*** Given information ***

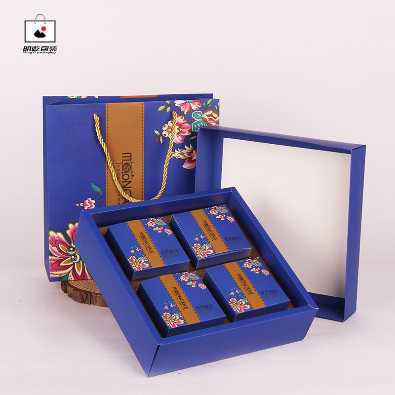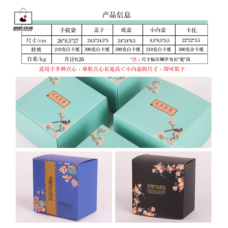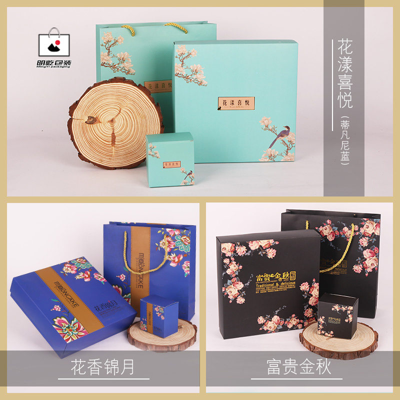 Multiple moon cakes such as ice skin, yellow buff and green bean cake
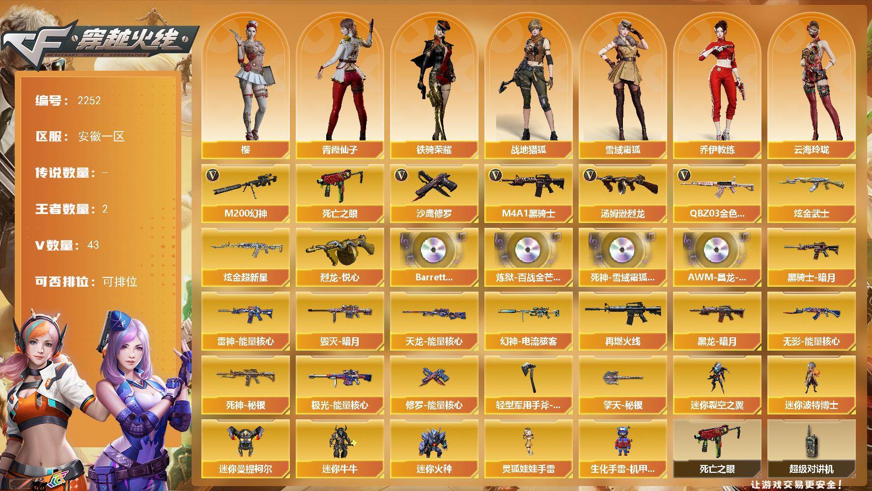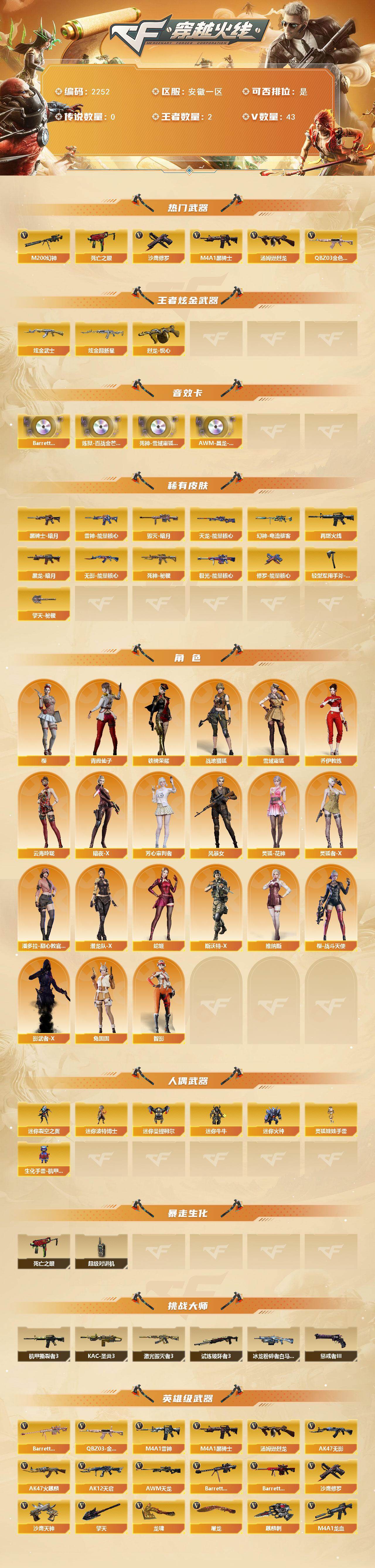 [17075293]安徽一区-42V-2王者武器数-2炫金武器数 【热门武器】:QBZ03-金色蔷薇,M200-幻神,死亡之眼*3,M4A1-黑骑士,汤姆逊-烈龙,沙鹰-修罗 【王者炫金武器】:烈龙-悦心*2,炫金武士,炫金超新星 【音效卡】:Barrett-碧霄极光音效卡*2,炼狱-百战金芒-庆典舞曲音效卡,死神-雪域霜狐-怀旧音效卡,AWM-昌龙-怀旧音效卡 【皮肤】:幻神-电流骇客 皮肤,雷神-能量核心,M4A1-再燃火线,毁灭-暗月,黑龙-暗月,黑骑士-暗月*2,无影-能量核心,死神-秘银,天龙-能量核心,极光-能量核心,修罗-能量核心*2,轻型军用手斧-再燃火线,擎天-秘银 【角色】:樱,战地猎狐,雪域霜狐,乔伊教练,云海玲珑,暗夜-X,芳心审判者,风暴女,灵狐-花神,灵狐者-X,潘多拉-甜心教官,潜龙队-X,青霞仙子,蛇姬,斯沃特-X,铁骑荣耀,兔囡囡,维纳斯,樱-战斗天使,影武者-X,智影 【人偶武器】:迷你裂空之翼,迷你波特博士,迷你曼提柯尔,迷你牛牛,迷你火种,生化手雷-机甲核心,灵狐娃娃手雷 【暴走生化】:死亡之眼*3,超级对讲机 【挑战大师】:冰龙粉碎者-白马银枪,激光毁灭者III*2,机甲撕裂者III,试炼破坏者III,KAC-圣炎切割者III,惩戒者III 【英雄级武器】:AK47-火麒麟,M4A1-雷神*2,M4A1-黑骑士,AK47-无影,AK12-天启,AK47-机械迷城,AK47-黑鲨,M4A1-龙血,黑武士-锦绣游龙,死神-雪域霜狐,QBZ03-金色蔷薇,黑骑士-海王,加利尔ACE-天袭,AWM-天龙,Barrett-毁灭,Barrett-极光,M200-幻神,Barrett-金色蔷薇,炼狱-百战金芒,汤姆逊-烈龙,沙鹰-修罗,沙鹰-天神,COP 357-雪域霜狐,天神-动感闪耀,屠龙,龙啸,擎天,麒麟刺,麒麟刺-百战金芒,高爆手雷-竞技荣光,闪光弹-竞技荣光,烟雾弹-竞技荣光,M4A1-赤狱骑士,AWM-昌龙 【道具】:BS战队炫彩背包,CFS限定背包,云山科技背包,亚洲杯纪念炫彩背包,奇洋探员-海龟背包,战舰背包,炫彩背包,百战金芒炫彩背包,背包-洛丽塔,臻选金狐背包,超级背包,雪域霜狐炫彩背包,黑桃战神背包,女皇终结者-魔龙之吻,救世主-黑桃战神,黄金生化钩,绿色巨人,灵魂忍者,变异宝贝,迷雾幽灵*2,夺命之镰,防化服*3,星辰流光-枪王排位
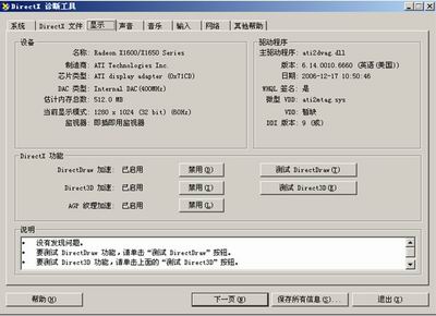 2.在“显示”页,将”DirectDraw加速”与”Driect3D加速”、”AGP纹理加速”全部启用,详见下图:
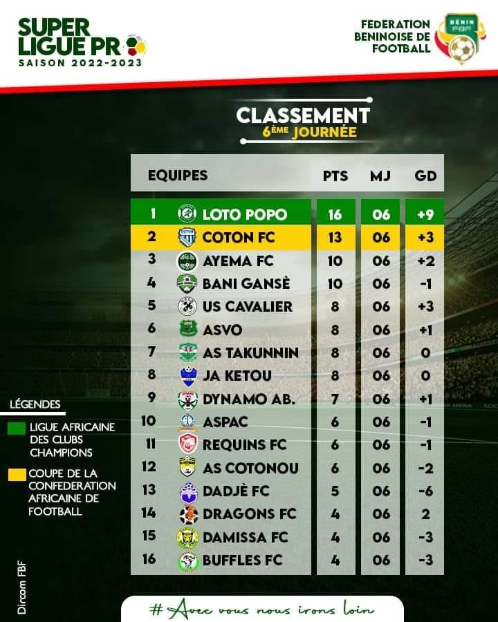 La phase aller de la Super Ligue Pro se poursuivait mercredi avec les rencontres de la sixième journée. Pas moins de huit matchs ont été disputés à travers les pelouses béninoises. Tenu en échec par ASVO (2-2) le weekend dernier, Loto-Popo a retrouvé le chemin de la victoire.

*** End of Given information ***

● **Task to carry out**
Without including any picture, reproduce the material above word for word.

● **Solution for this problem**
 Multiple moon cakes such as ice skin, yellow buff and green bean cake
 [17075293]安徽一区-42V-2王者武器数-2炫金武器数 【热门武器】:QBZ03-金色蔷薇,M200-幻神,死亡之眼*3,M4A1-黑骑士,汤姆逊-烈龙,沙鹰-修罗 【王者炫金武器】:烈龙-悦心*2,炫金武士,炫金超新星 【音效卡】:Barrett-碧霄极光音效卡*2,炼狱-百战金芒-庆典舞曲音效卡,死神-雪域霜狐-怀旧音效卡,AWM-昌龙-怀旧音效卡 【皮肤】:幻神-电流骇客 皮肤,雷神-能量核心,M4A1-再燃火线,毁灭-暗月,黑龙-暗月,黑骑士-暗月*2,无影-能量核心,死神-秘银,天龙-能量核心,极光-能量核心,修罗-能量核心*2,轻型军用手斧-再燃火线,擎天-秘银 【角色】:樱,战地猎狐,雪域霜狐,乔伊教练,云海玲珑,暗夜-X,芳心审判者,风暴女,灵狐-花神,灵狐者-X,潘多拉-甜心教官,潜龙队-X,青霞仙子,蛇姬,斯沃特-X,铁骑荣耀,兔囡囡,维纳斯,樱-战斗天使,影武者-X,智影 【人偶武器】:迷你裂空之翼,迷你波特博士,迷你曼提柯尔,迷你牛牛,迷你火种,生化手雷-机甲核心,灵狐娃娃手雷 【暴走生化】:死亡之眼*3,超级对讲机 【挑战大师】:冰龙粉碎者-白马银枪,激光毁灭者III*2,机甲撕裂者III,试炼破坏者III,KAC-圣炎切割者III,惩戒者III 【英雄级武器】:AK47-火麒麟,M4A1-雷神*2,M4A1-黑骑士,AK47-无影,AK12-天启,AK47-机械迷城,AK47-黑鲨,M4A1-龙血,黑武士-锦绣游龙,死神-雪域霜狐,QBZ03-金色蔷薇,黑骑士-海王,加利尔ACE-天袭,AWM-天龙,Barrett-毁灭,Barrett-极光,M200-幻神,Barrett-金色蔷薇,炼狱-百战金芒,汤姆逊-烈龙,沙鹰-修罗,沙鹰-天神,COP 357-雪域霜狐,天神-动感闪耀,屠龙,龙啸,擎天,麒麟刺,麒麟刺-百战金芒,高爆手雷-竞技荣光,闪光弹-竞技荣光,烟雾弹-竞技荣光,M4A1-赤狱骑士,AWM-昌龙 【道具】:BS战队炫彩背包,CFS限定背包,云山科技背包,亚洲杯纪念炫彩背包,奇洋探员-海龟背包,战舰背包,炫彩背包,百战金芒炫彩背包,背包-洛丽塔,臻选金狐背包,超级背包,雪域霜狐炫彩背包,黑桃战神背包,女皇终结者-魔龙之吻,救世主-黑桃战神,黄金生化钩,绿色巨人,灵魂忍者,变异宝贝,迷雾幽灵*2,夺命之镰,防化服*3,星辰流光-枪王排位
 2.在“显示”页,将”DirectDraw加速”与”Driect3D加速”、”AGP纹理加速”全部启用,详见下图:
 La phase aller de la Super Ligue Pro se poursuivait mercredi avec les rencontres de la sixième journée. Pas moins de huit matchs ont été disputés à travers les pelouses béninoises. Tenu en échec par ASVO (2-2) le weekend dernier, Loto-Popo a retrouvé le chemin de la victoire.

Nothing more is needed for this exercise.